Por Carlos Ernesto Alvarado Márquez.
Hay algo que siempre me ha causado gracia cuando se acerca un Mundial; millones de personas creen que la FIFA organiza un torneo de futbol, cuando en realidad organiza uno de los negocios de propiedad intelectual más rentables del planeta. El futbol es indispensable, claro, pero no es donde está el verdadero dinero; el dinero está en las marcas, en los patrocinadores, en los contratos, en las licencias y en los derechos de transmisión que valen miles de millones de dólares.
Y tampoco es un pecado. Si alguien invierte semejante cantidad de recursos, resulta lógico que quiera protegerlos. El problema aparece cuando la protección comienza a crecer más de la cuenta y uno ya no sabe dónde termina el derecho legítimo y dónde comienza la tentación de adueñarse de todo lo que rodea al espectáculo.

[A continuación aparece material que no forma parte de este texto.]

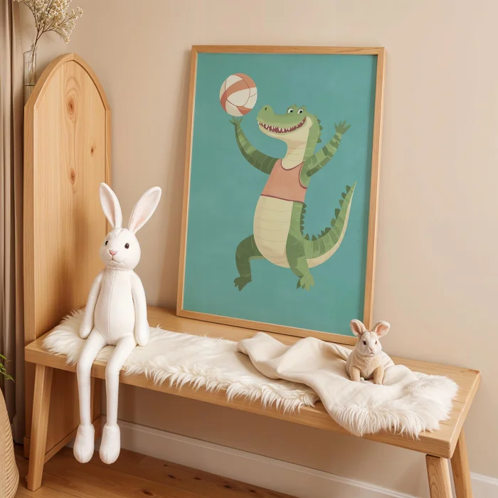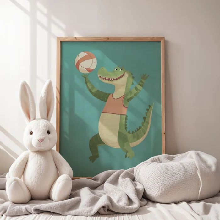 Ürün: Voleybolcu Timsah - Çocuk Odası Ahşap Duvar Tablosu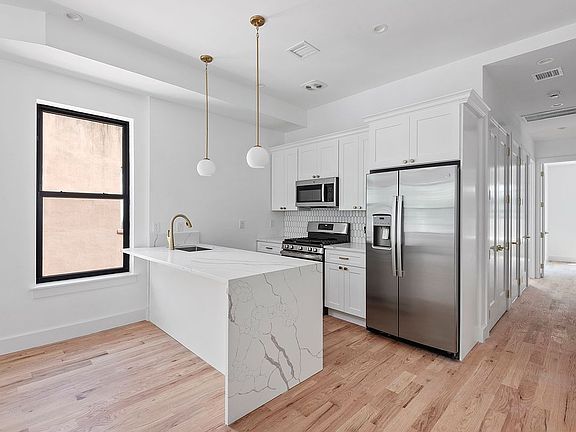 Enter into the elegant vestibule and be welcomed to a sun filled triple-exposure owner's duplex with high ceilings and a warm aesthetic created by the natural hardwood oak flooring, white cabinetry, & brushed brass hardware throughout. A perfectly laid out four-bedroom, three-bath lower duplex home with private backyard, featuring high-end finishes and craftsmanship.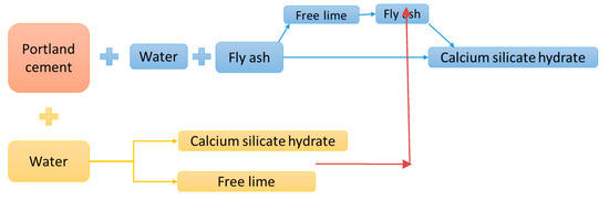 Reaction of fly ash (FA) in cement [70].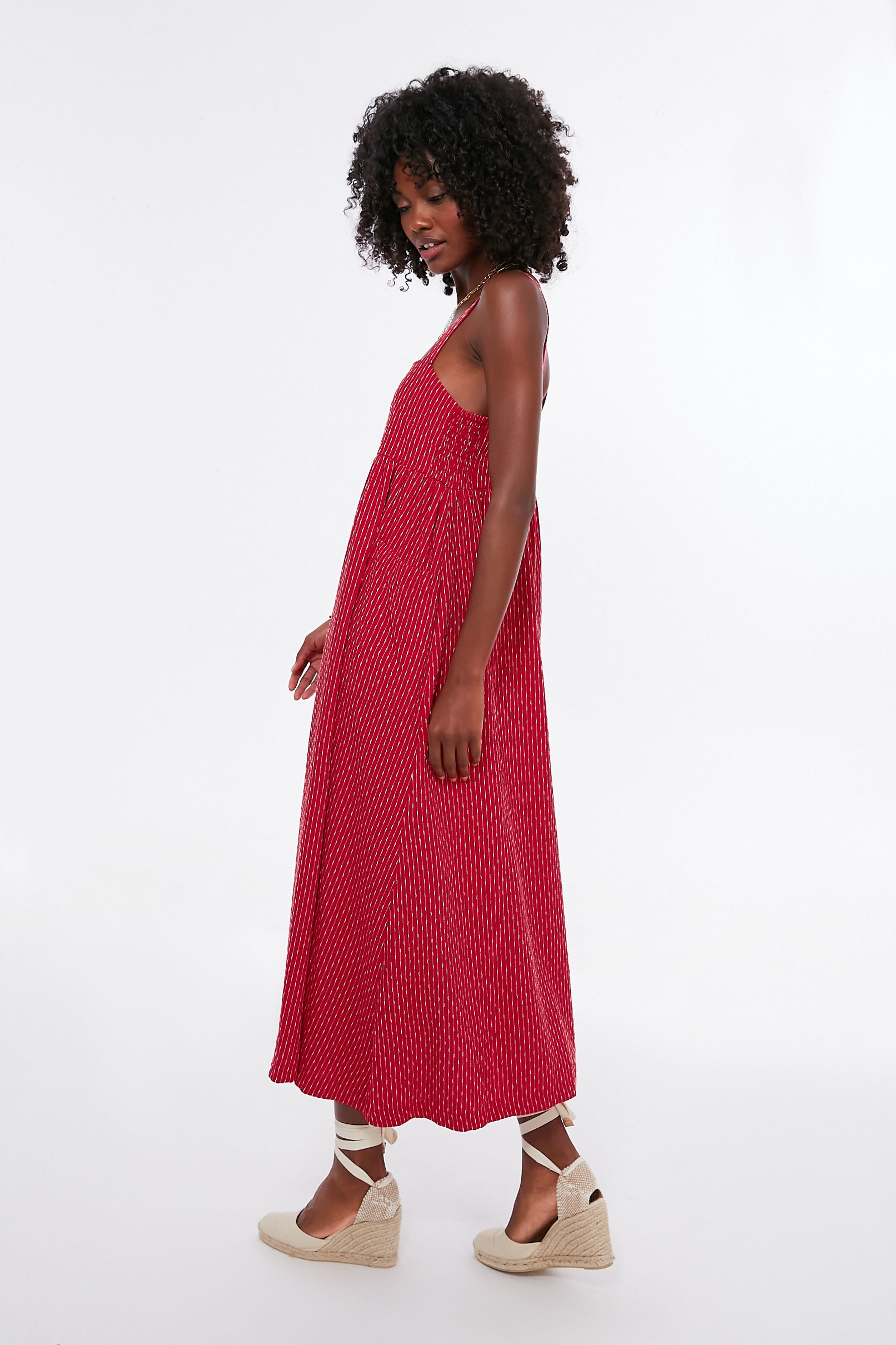 Dreaming of your next getaway? From vacation days spent exploring neighboring towns to lunch poolside to beach bars to romantic dinners under the stars. the Red Geneva Dress is working overtime. Featuring a square neckline. flattering empire waist. and patch pockets for your room card and phone. this maxi is the key to effortless feminine feels. Opt for espadrilles and raffia accessories for a chic and easy resort look for some fun under the sun.

Porque una cosa es vender camisetas falsas con logotipos oficiales y otra muy distinta comportarse como si también se tuvieran derechos exclusivos sobre la conversación pública. Ahí es donde el asunto se vuelve interesante; usted puede criticar al árbitro, burlarse de una selección, decir que determinado entrenador toma decisiones más extrañas que algunas autoridades cuando interpretan la ley, hacer memes, análisis o comentarios en redes sociales, y nadie debería impedirlo. Lo que no puede hacer es retransmitir el partido completo como si hubiera comprado los derechos de televisión; ahí aparecen los abogados con una velocidad que haría sonrojar a más de un delantero.
Luego están los oportunistas, que merecen un capítulo aparte. Son esas empresas que descubren una pasión colectiva y deciden subirse al tren sin pagar boleto; llenan sus anuncios de balones, porterías, colores patrios, uniformes y frases sospechosamente mundialistas, pero cuidan cada palabra para no mencionar aquello que podría meterlos en problemas. Los especialistas lo llaman marketing de emboscada; en el barrio siempre tuvo otro nombre, aprovecharse de la fiesta ajena.

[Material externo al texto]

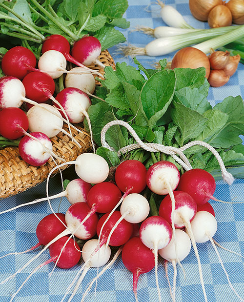 Small fast maturing radishes in a mix or red and white and bi-coloured. Great for salads. Excellent flavour.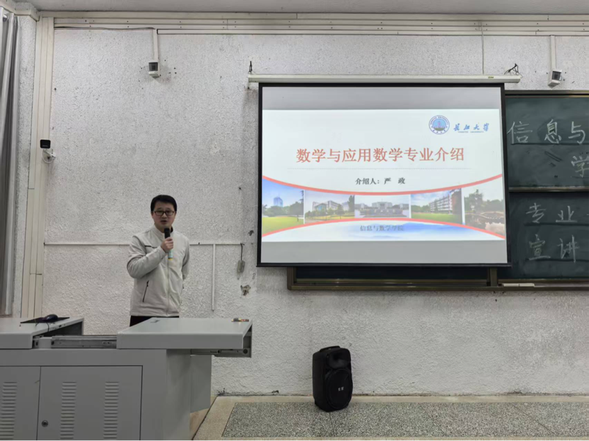 严政主任通过图文并茂的方式,结合自身的教学经验,从学科内涵、课程体系和升学就业三个维度为同学们讲解了该专业产生的背景,学科要求及就业前景等。他强调,该专业注重数学理论基础与教育实践的融合,核心优势是培养解决问题的能力。
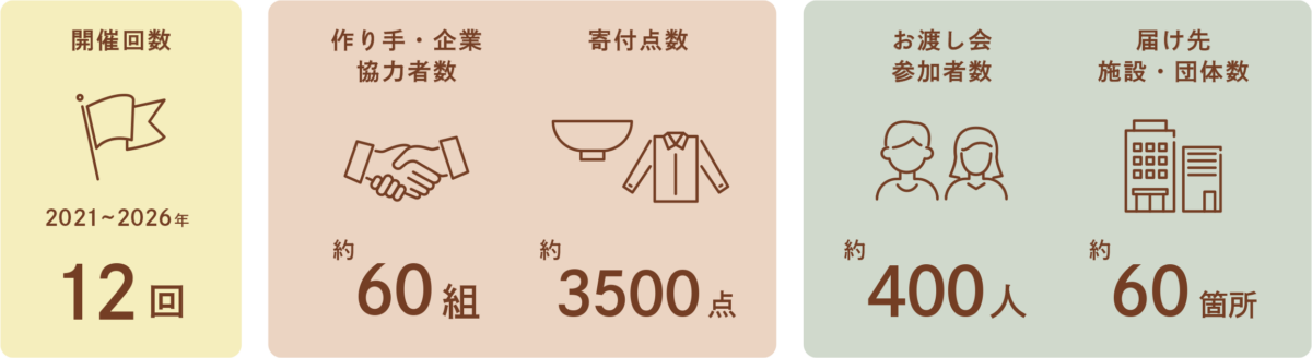 その後、株式会社マザーディクショナリーが運営面からサポート。活動に共感し、手を伸ばしてくださる作り手やブランドが少しずつ増え、思いのこもった器やお洋服を、さまざまな事情を抱えるこどもたちや若者へ手渡す活動へと広がっていきました。2020年からは、児童養護施設など社会的養護のもとで育ち、巣立ちの時期を迎えるこどもや若者へ向けた「うつわとお洋服のお渡し会」 を開催しています。これまでに約60組の作り手・企業から約3500点の器やお洋服を寄贈していただき、約400人の巣立ち前後のこどもや若者、約60箇所の施設や団体にお届けしてきました。
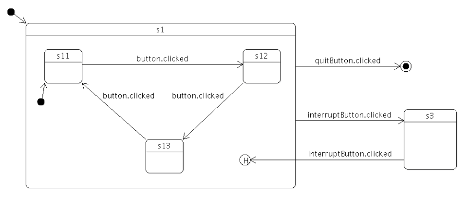 子状态可以是一个final状态;当进入一个final子状态时,父状态会发出finished() 信号。下图显示了一个组合状态s1在做了一系列的处理后进入了一个final状态: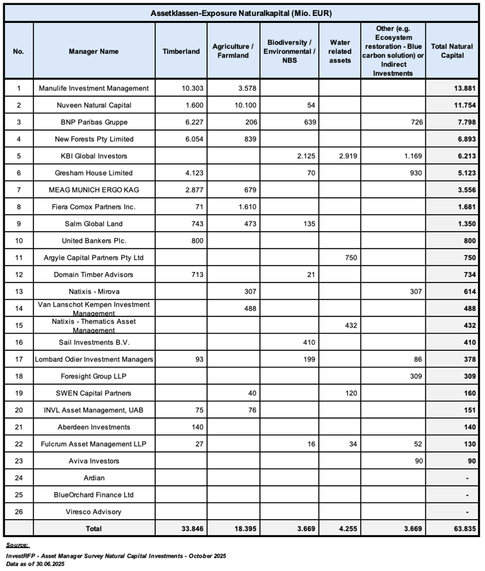 Mit den teilnehmenden Asset Managern konnte der Großteil der weltweit agierenden Naturalkapital Manager in der Auswertung berücksichtigt werden.

Y la verdad es que tampoco les falta ingenio. Si alguien logra vender más sin utilizar una sola marca registrada, uno empieza a preguntarse si estamos frente a un fraude o frente a una clase gratuita de creatividad empresarial. Ahí es donde aparecen los abogados de ambos lados para discutir durante meses algo que cualquier aficionado resolvería en treinta segundos frente a una cerveza.
Lo curioso es que detrás de toda esta discusión aparece una pregunta mucho más grande que el propio futbol; ¿hasta dónde puede una organización proteger lo suyo sin terminar apropiándose de algo que pertenece a todos? Porque el futbol no nació en una oficina corporativa, ni en una sala de juntas, ni en un despacho lleno de contratos; nació en las calles, en los barrios, en terrenos de tierra donde dos piedras servían de portería y donde nadie imaginaba que algún día existirían disputas millonarias sobre quién puede usar una imagen, una frase o una referencia relacionada con un partido.
Quizá por eso resulta tan extraño ver que alrededor del Mundial a veces hay más abogados que defensas centrales. Mientras unos intentan meter goles, otros intentan proteger marcas; mientras unos corren detrás de un balón, otros corren detrás de cualquier uso no autorizado de una palabra, una imagen o una transmisión. Todos hacen su trabajo, pero no deja de ser una imagen curiosa para un deporte que durante décadas se presentó como el juego del pueblo.
Y tal vez ahí esté la parte verdaderamente interesante. La FIFA tiene derecho a proteger sus marcas, como cualquier persona tiene derecho a proteger lo que es suyo; lo que merece atención es esa tendencia tan humana de querer extender los límites un poco más cada vez. Pasa en los gobiernos, pasa en las empresas, pasa en las organizaciones y pasa en cualquier espacio donde existe poder. Se empieza protegiendo algo legítimo y poco a poco surge la tentación de controlar todo lo que gira a su alrededor.
Al final el futbol seguirá sobreviviendo a patrocinadores, directivos, contratos y campañas publicitarias; ha sobrevivido cosas peores. La verdadera pregunta es si algún día olvidaremos que el negocio existe gracias a la pasión de millones de personas y no al revés. Porque a veces, viendo ciertos pleitos jurídicos, da la impresión de que algunos creen que los aficionados fueron inventados para servir al negocio, cuando en realidad el negocio existe porque primero existieron los aficionados.
Y eso sí; el deporte más popular del planeta nació para jugarse con un balón, pero cada cuatro años termina recordándonos que el objeto más importante no siempre está en la cancha, sino en la caja registradora.